Jun 16, 2023
Ran Bi: Implementation of configurable processing elements for Pooling and Activation for FPGA-Neural Processing Unit (FNPU) (Intermediate presentation project work)
23.06.2023, 08:00 am
Invitation to the intermediate presentation of Ran Bi
Topic: Implementation of configurable processing elements for Pooling and Activation for FPGA-Neural Processing Unit (FNPU)
Project: Project work
Supervisors: Muhammad Ali, Markus Helbig, Lester Kalms
Abstract: Deep Learning Neural Networks (DNNs) are vastly used in the domains of computer vision, natural language, speech recognition, and more. For the past years, DNNs have been a dominant methodology for implementing new learning models. Although DNNs are very efficient and accurate, they are usually very computationally intensive and require a lot of memory resources. There are different domain-specific architectures for DNNs e.g. GPUs, and hardware accelerators. Recently, a trend to use minimalistic specialized instruction set architecture (ISA) for efficient DNN processing has risen, e.g. Tesla FSD, Cambricon. This work focuses on specialized processing elements for a minimalistic ISA for DNN-based algorithms. In the course of the proposed project work, the student should survey the literature for the most commonly used deep learning algorithms e.g. CNNs and specialized instruction set architectures e.g. Google TPU, Cambricon, Tesla FSD, etc.
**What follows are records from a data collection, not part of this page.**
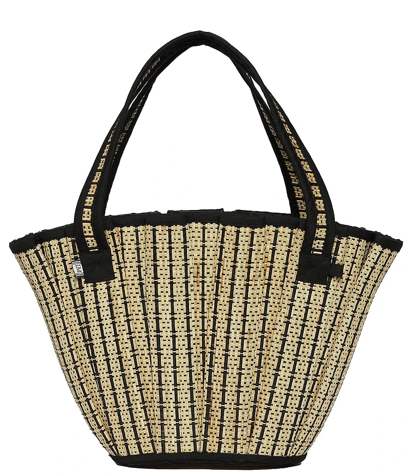 From Lorna Murray, this bag features: Tote bag Main: natural grass fibers, trim: cotton blend Handcrafted Sunray-pleated design Removable fabric drawstring interior Two handles Wide opening Care: treat any stains with a soft brush and mild detergent Irregularities in the fiber, weave and color are common and characteristic of the handmade process Approx. 9" H x 3.9" W x 6.3" L Straps approx. 5.9" L Imported.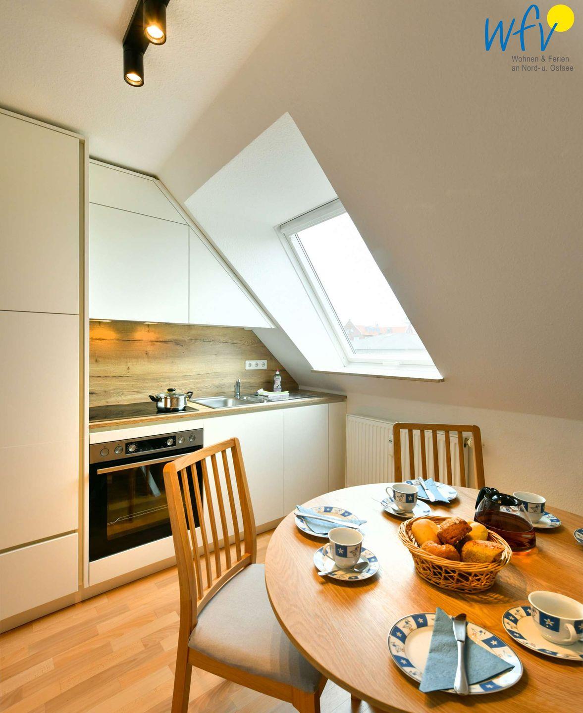 Die moderne Einbauküche - u.a. mit Herd und Backofen, Kühlschrank, Kaffeemaschine, Wasserkocher und Toaster - ermöglicht eine bequeme Selbstverpflegung. Auch ein Esstisch für gemeinsame Mahlzeiten mit der ganzen Familie ist vorhanden.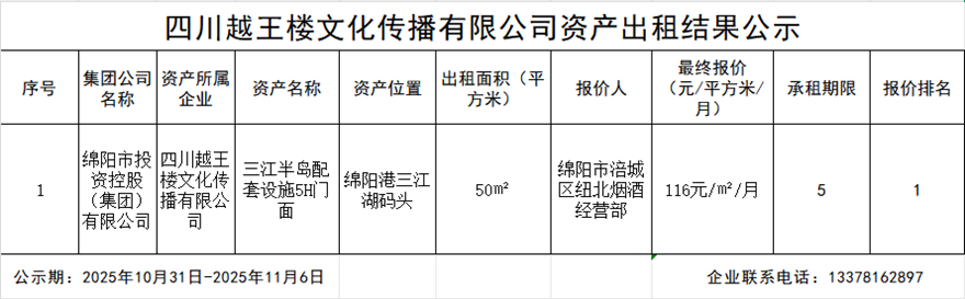 四川越王楼文化传播有限公司资产出租结果公示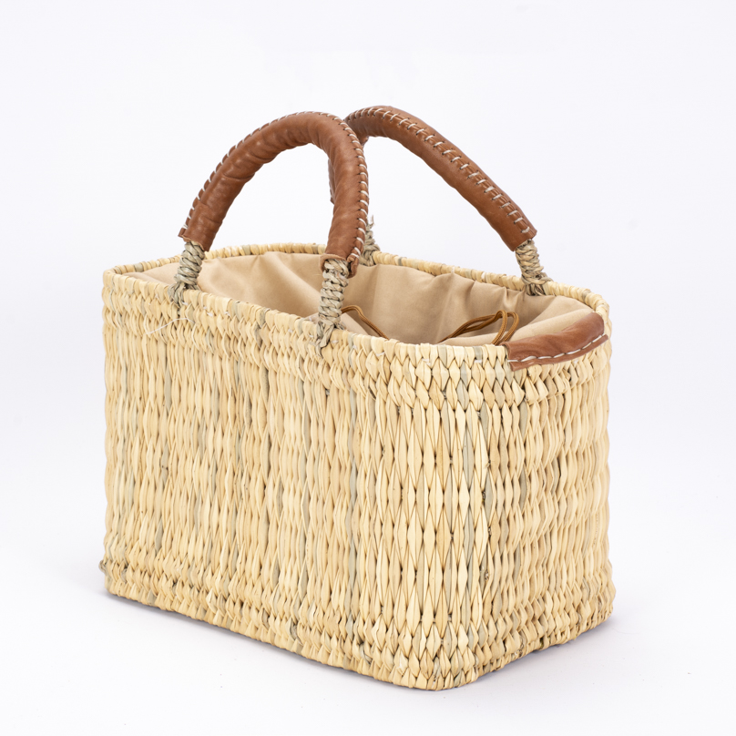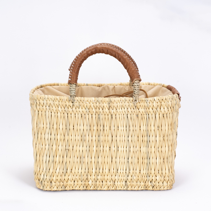 Le cabas jonc Tindi, un panier élégant en jonc tressé avec des poignées en cuir. Parfait pour vos petites courses ou une sortie estivale.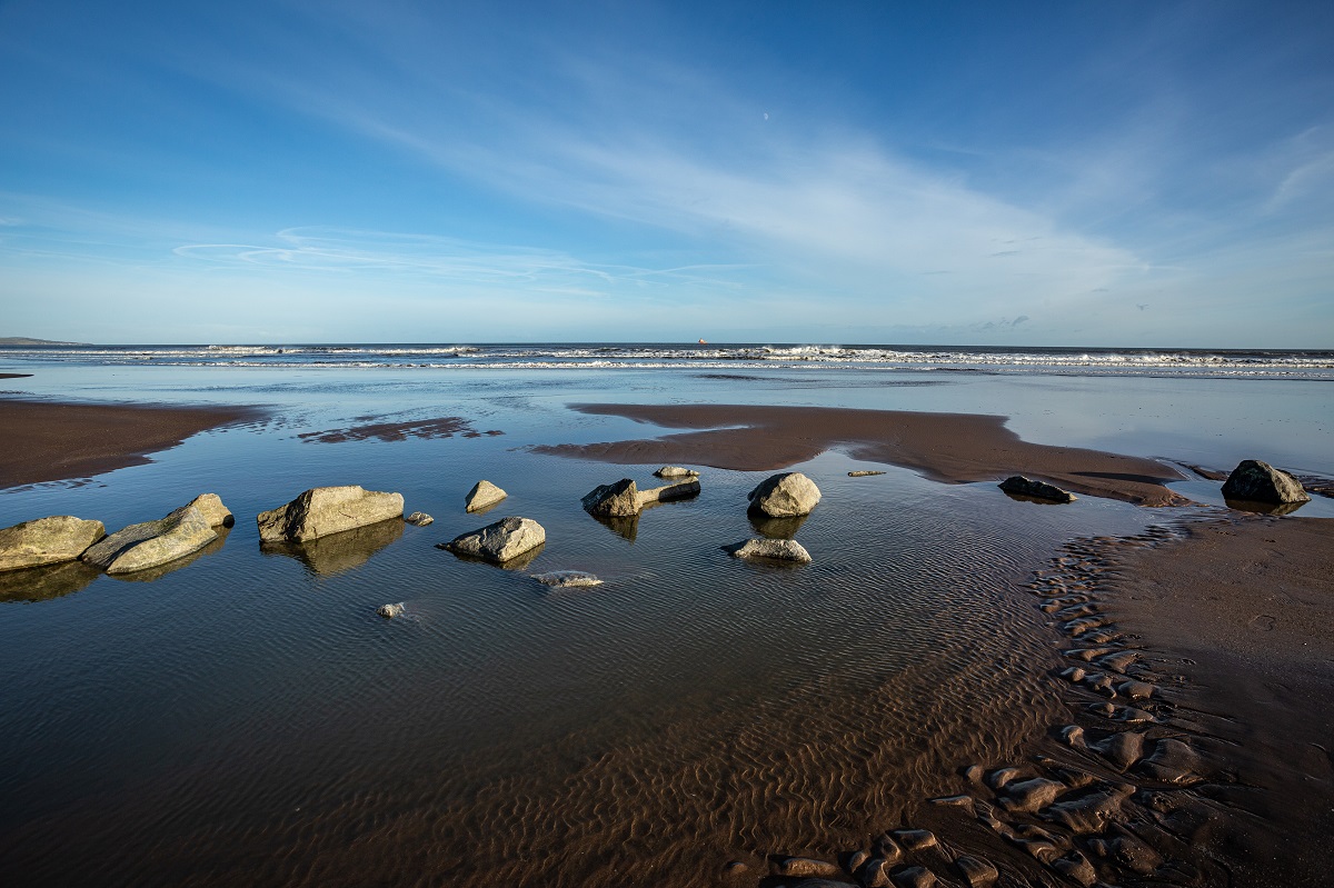 There is a circular walk that heads along the length of the beach before returning via an inland route, visiting the fine North Water viaduct – now part of a cycle path. The walk begins from the car park at the Seafront Splash area. If the tide is sufficiently out, you can start by heading down the steps outside the pavilion onto the beach; at higher tides you can head north along the promenade.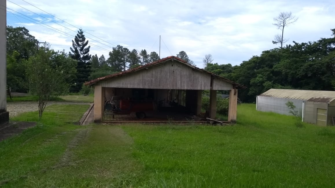 Imóvel 23 visto de outro ângulo: o galpão já existente, a estrutura de cobertura, telhas e alvenaria serão preservados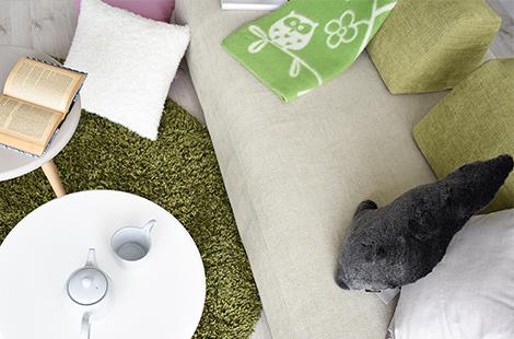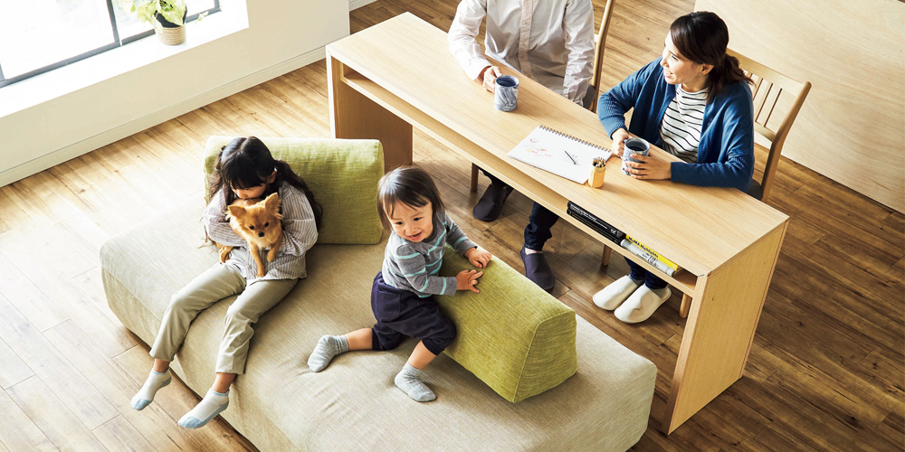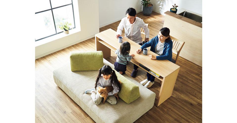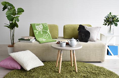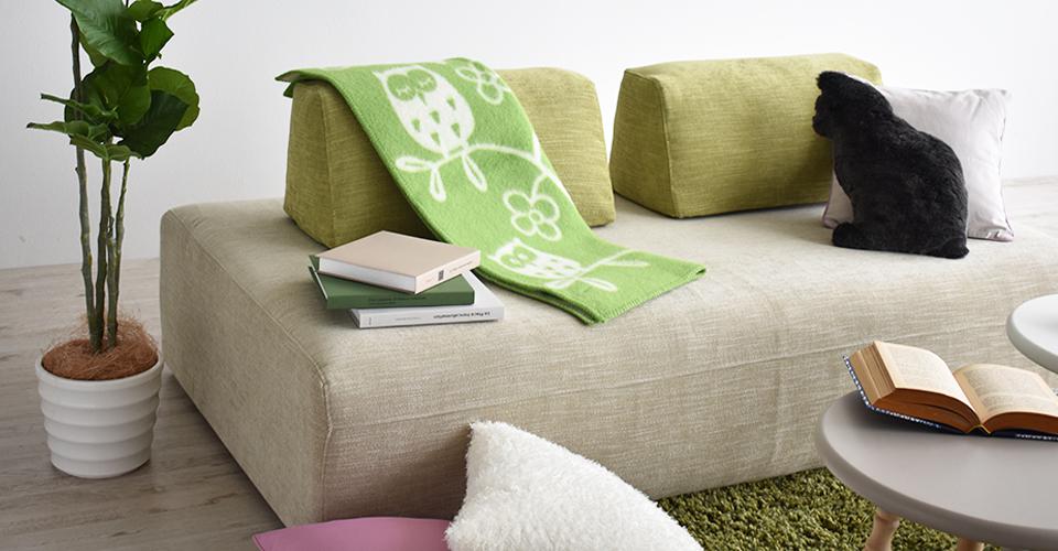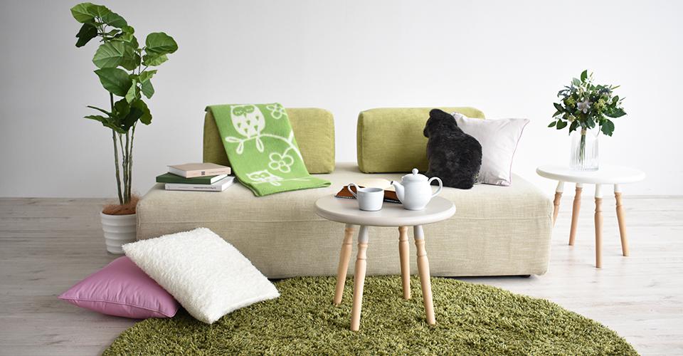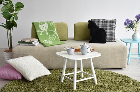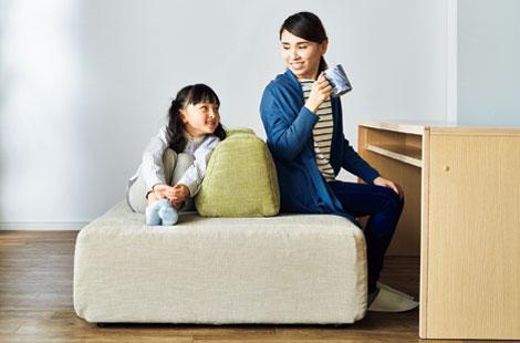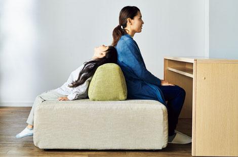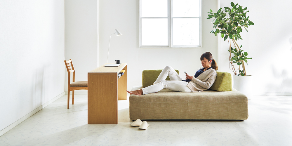 ソファに腰掛けておしゃべりしたり、本を読んだり、寝転んだり、自由度の高い使い勝手のソファです。※テーブルは別売りです。

The research should be focused on implementing configurable processing element (PE) targeted for pooling and activation layers. The implemented PE should have configurable functional units based on operation type, size, bit-width, parallelism, etc., and a control flow based on an ISA. The PE should be developed in SystemVerilog and the design should be verified and evaluated. The evaluation should include performance (estimated operations per second), resource utilization, power analysis, and timing analysis.